Took another trip this past week to Port St Joe and caught some of the biggest tripletail I have ever seen....I caught my personal best which was just over 30lbs!. We also caught a 27lb, 25lb, and a 23lb all on Saturday. Our six fish limit were all over 20lbs.. We ended up tagging the 30lb and 27lber and released them to fight another day after the pictures. We also tagged another 20 fish over the weekend. Sunday morning we tried for tarpon and landed 2. (Near crooked island) The tripletail where caught on crabs, shrimp and mullet.


----------



## FrankwT

Nice going, great triple tails there!


----------



## Worn Out

*Wowww!...*

Nothing more to say !!! I wish I had been on that trip....


----------



## Bullshark

Holy crap!


----------



## Nopierpressure

NICE!!!! thanks for the pics!


----------



## NASTY

Looks like a good day..


----------



## joebuck

That is fantastic. Great report.


----------



## Ultralite

you must know mdrobe2 (mike)...he showed me those pictures last night...we went 5 for 11 on the TT's today...that right there is a pig!


----------



## 7M

Cha-ching, nice pics.


----------



## Ajerv

Thanks for sharing. That one pic of all of you standing holding a fish is the most awesome pic of tripletail I have ever seen. I bet if you send it to Florida Sportsman magazine, they will publish it. Be sure you read the rules before you send them a pic(listed in each magazine.


----------



## Robin

Nice fish.................do they eat good?


----------



## BlackJeep

Ajerv said:


> Thanks for sharing. That one pic of all of you standing holding a fish is the most awesome pic of tripletail I have ever seen. I bet if you send it to Florida Sportsman magazine, they will publish it. Be sure you read the rules before you send them a pic(listed in each magazine.
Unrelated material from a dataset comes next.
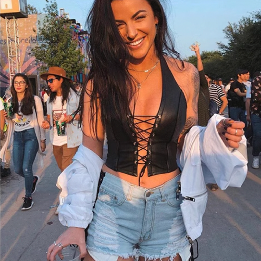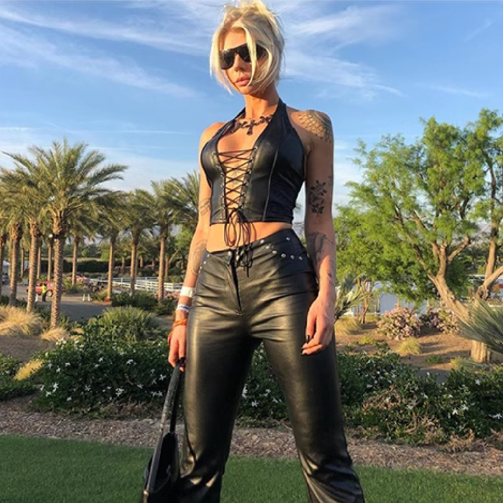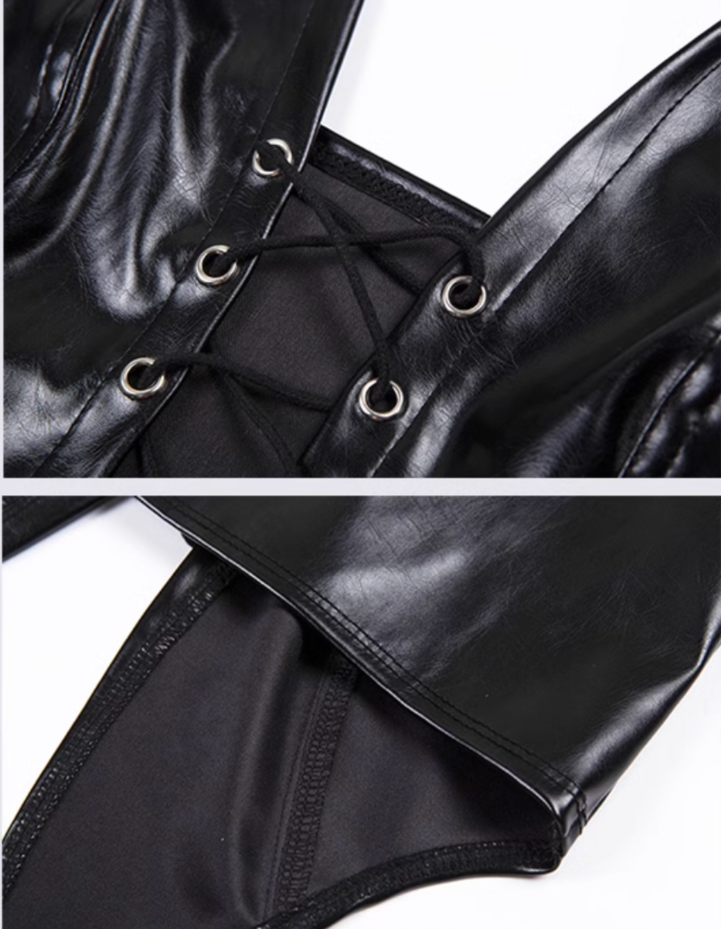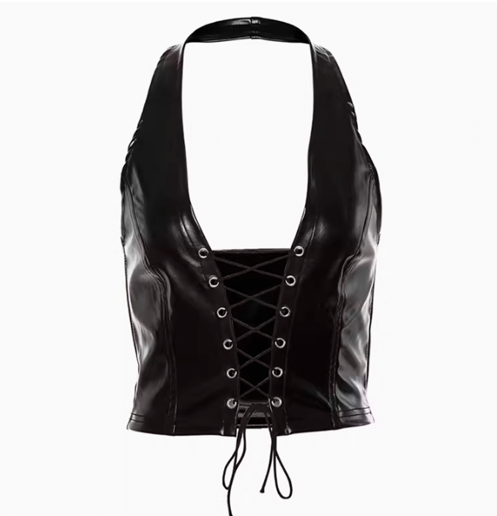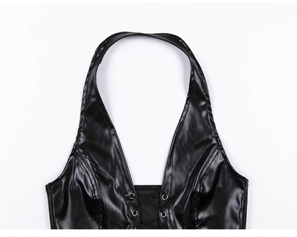 TIE UP WRAP NECK FAUX LEATHER TOP

Or get it to the local captain for the Florida Insider Fishing Report. I think the local captain is Captain Pat Dineen out of Destin. They always show at least one good pick for each region. I love that show. 

That is an awesome pic. I've never seen a tripletail out on the water and wouldn't even know where to look.... so what makes good habitat for them?


----------



## TARPON01

Ultralite- Yes I do know Mike, He is planning on booking a tripletail charter sometime in July with me. 

Robin- They are one of the best to eat....

Blackjeep-pm sent


----------



## romadfishrman

did you spot cast all the fish including the tarpon? I've only fished out that way once and the water was so muddy we would blind cast until we saw one (tarpon) roll and hope he'd get it.


----------



## TARPON01

All where sight fished...Water in st joe bay is pretty clear.


----------



## mdrobe2

GREAT JOB BOBBY! Those pics are so insane I don't even know where to begin. I used to think I was a knowledgeable tripletail fisherman. I don't know jack. You are the man. Tripletail stringer of a lifetime. One fish of that class would make a catch of a lifetime, and you even tagged and released two giants! Stay tuned- going to e-mail you.


----------



## Foulhook

Now that is heavy lifting! Great catch.


----------



## Nat-Light

Nice mess of fish. :thumbup:


----------



## kanaka

Great fish, you're killing me.....


----------



## ScullsMcNasty

that is the biggest 3tail ive ever seen!!!! GIANT!!!!!! im so jealous!


----------



## 192

those are some slob TT's!


----------



## sfleaslayer

*triple tail*

That is amazing! I've heard you fish around floating debris for them. Any suggestions?


----------



## Tagger

*Great TT Day !*

Awesome day on the tripletails. I hope that you all will consider getting on the Tripletail tagging and research program conducted by the Gulf Coast Research Laboratory. I promise you that when you start tagging and releasing you will find it very rewarding especially when you receive a recapture report on one of your fish ! Like you, we still like to keep a couple smaller ones for the table !!!

Tight lines,

Tagger


----------



## TARPON01

Tagger said:


> Awesome day on the tripletails. I hope that you all will consider getting on the Tripletail tagging and research program conducted by the Gulf Coast Research Laboratory. I promise you that when you start tagging and releasing you will find it very rewarding especially when you receive a recapture report on one of your fish ! Like you, we still like to keep a couple smaller ones for the table !!!
> 
> Tight lines,
> 
> Tagger


 
As I said in the post I tagged a ton of them..I have tagged them for the past 2 years for the gulf coast research lab....


----------



## mdrobe2

I have tagged 5 this year, including 4 while fishing with tarpon01.


----------



## Gump

Just got back from one of these trips with tarpon01, and it was one of the most memorable trips I have ever been on!!


----------



## Ultralite

mdrobe2 said:


> I have tagged 5 this year, including 4 while fishing with tarpon01.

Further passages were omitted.